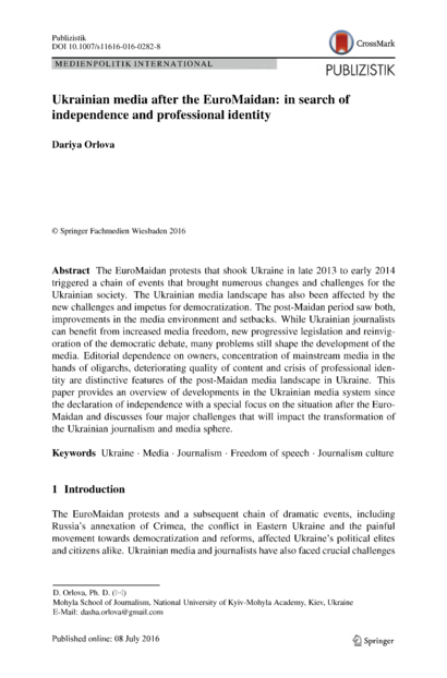 "The EuroMaidan protests that shook Ukraine in late 2013 to early 2014 triggered a chain of events that brought numerous changes and challenges for the Ukrainian society. The Ukrainian media landscape has also been affected by the new challenges and impetus for democratization. The post-Maidan period saw both, improvements in the media environment and setbacks. While Ukrainian journalists can benefit from increased media freedom, new progressive legislation and reinvigoration of the democratic debate, many problems still shape the development of the media. Editorial dependence on owners, concentration of mainstream media in the hands of oligarchs, deteriorating quality of content and crisis of professional identity are distinctive features of the post-Maidan media landscape in Ukraine. This paper provides an overview of developments in the Ukrainian media system since the declaration of independence with a special focus on the situation after the EuroMaidan and discusses four major challenges that will impact the transformation of the Ukrainian journalism and media sphere." (Abstract)
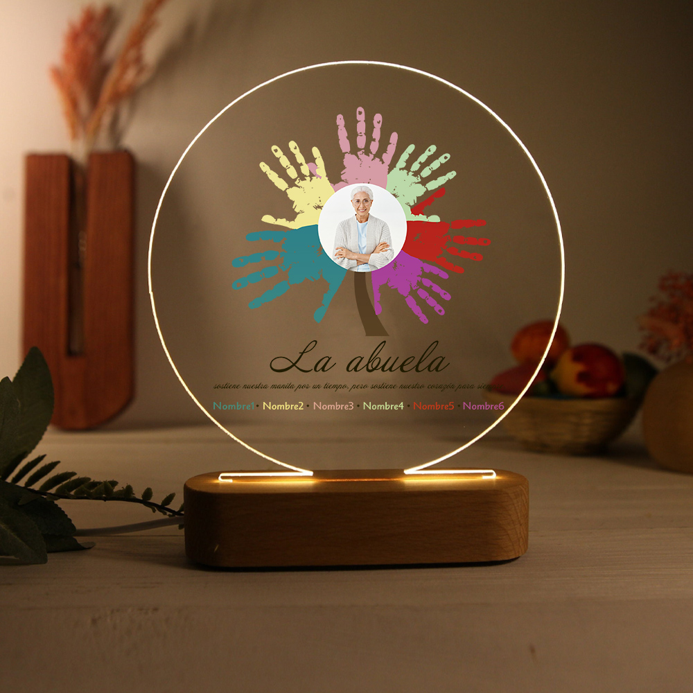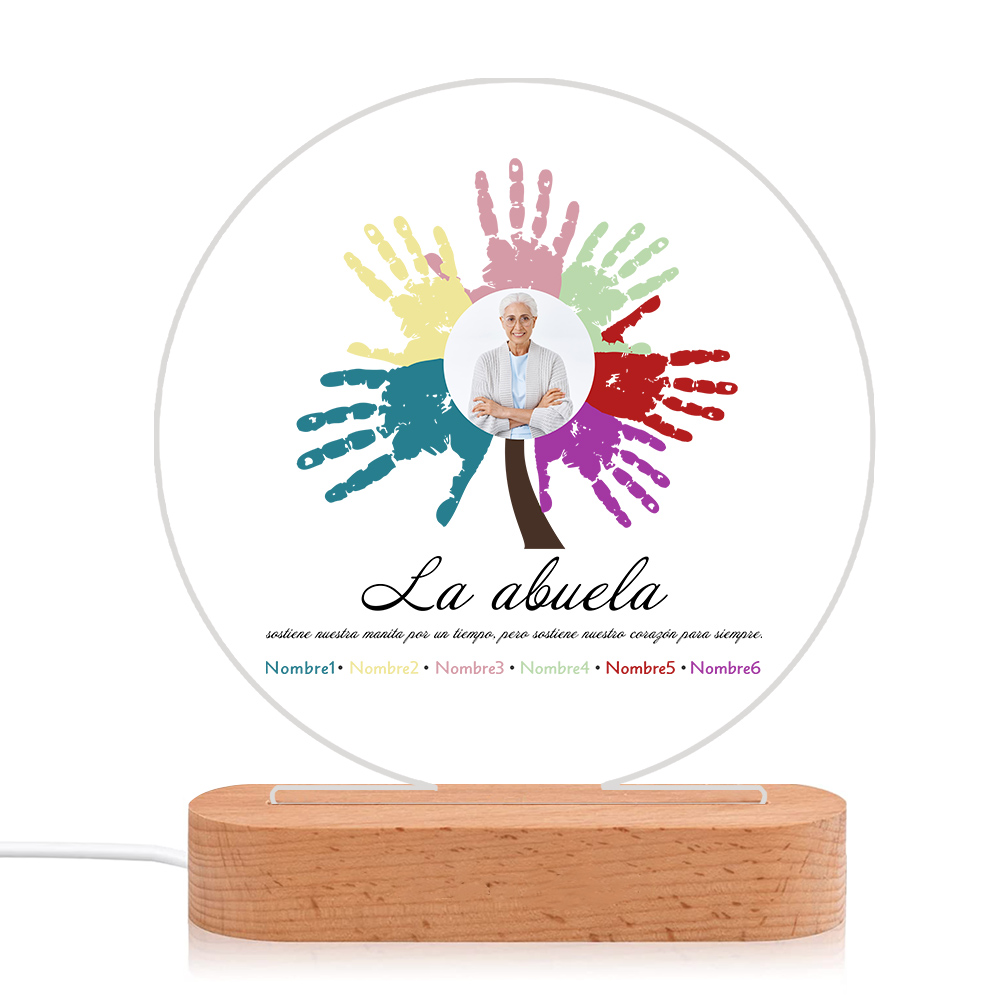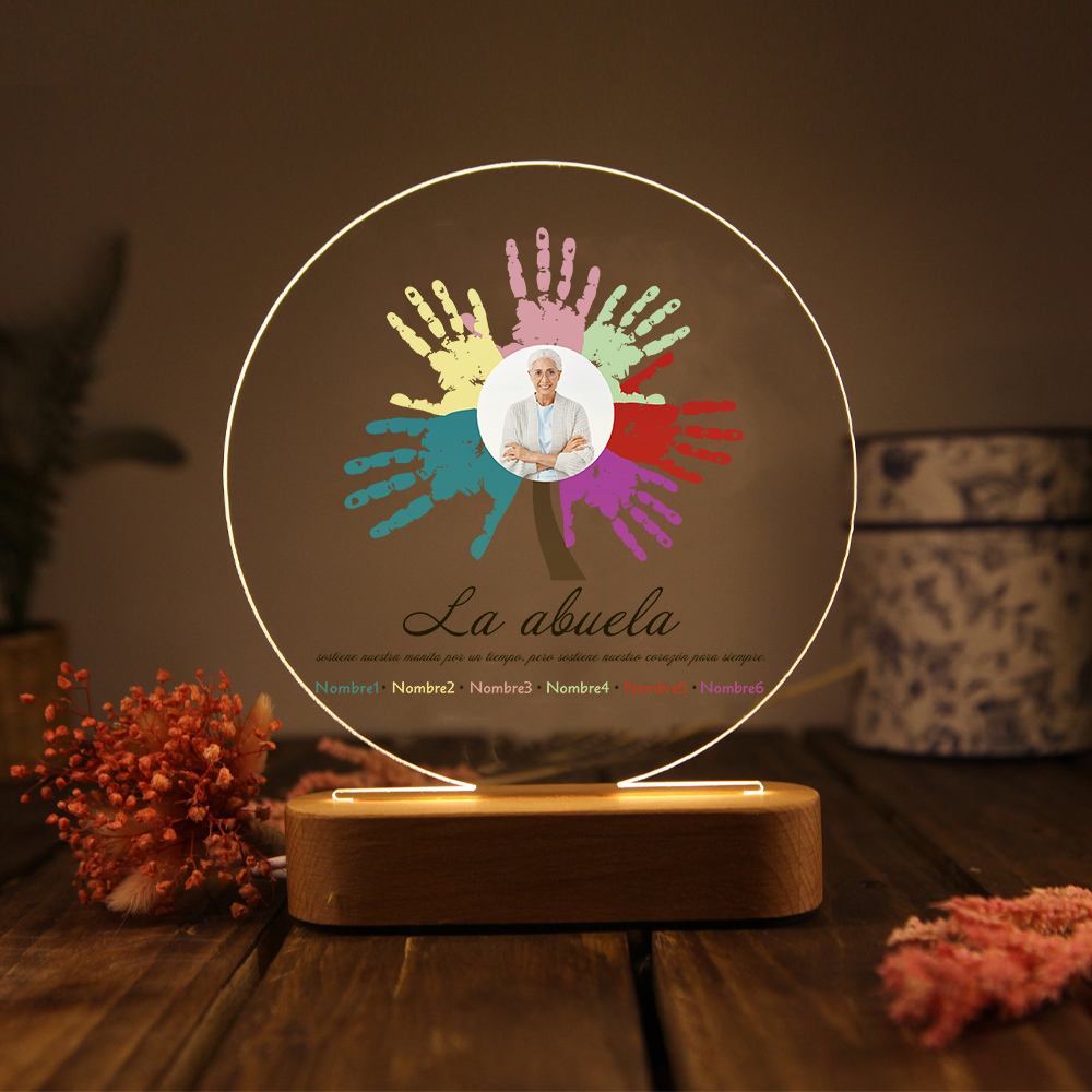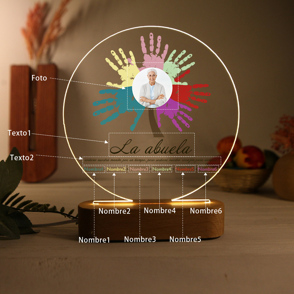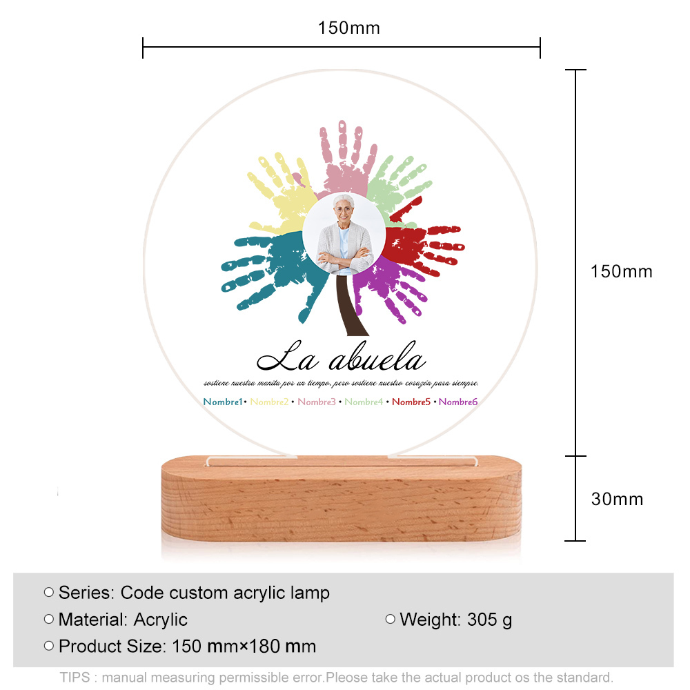 Lámpara de noche LED Árbol de huellas de mano 1 foto, 2 texto y 6 nombres personalizados
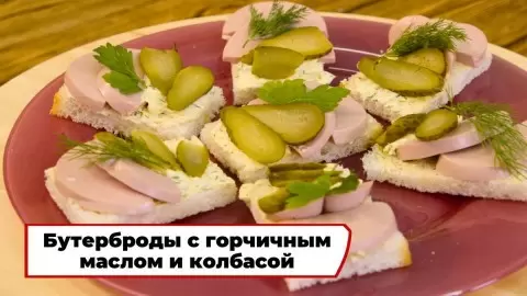 Теперь начинается самый интересный этап! Нанесите подготовленную масляную смесь на ломтики хлеба, а затем уложите колбасу и огурцы. Завершите оформление зеленью — и готово!

__________________________________________________

WHAT YOU ARE ASKED TO DO >> Leaving out all pictures, transcribe the listing exactly.

ANSWER BOX >>
 "The EuroMaidan protests that shook Ukraine in late 2013 to early 2014 triggered a chain of events that brought numerous changes and challenges for the Ukrainian society. The Ukrainian media landscape has also been affected by the new challenges and impetus for democratization. The post-Maidan period saw both, improvements in the media environment and setbacks. While Ukrainian journalists can benefit from increased media freedom, new progressive legislation and reinvigoration of the democratic debate, many problems still shape the development of the media. Editorial dependence on owners, concentration of mainstream media in the hands of oligarchs, deteriorating quality of content and crisis of professional identity are distinctive features of the post-Maidan media landscape in Ukraine. This paper provides an overview of developments in the Ukrainian media system since the declaration of independence with a special focus on the situation after the EuroMaidan and discusses four major challenges that will impact the transformation of the Ukrainian journalism and media sphere." (Abstract)
 Lámpara de noche LED Árbol de huellas de mano 1 foto, 2 texto y 6 nombres personalizados
 Теперь начинается самый интересный этап! Нанесите подготовленную масляную смесь на ломтики хлеба, а затем уложите колбасу и огурцы. Завершите оформление зеленью — и готово!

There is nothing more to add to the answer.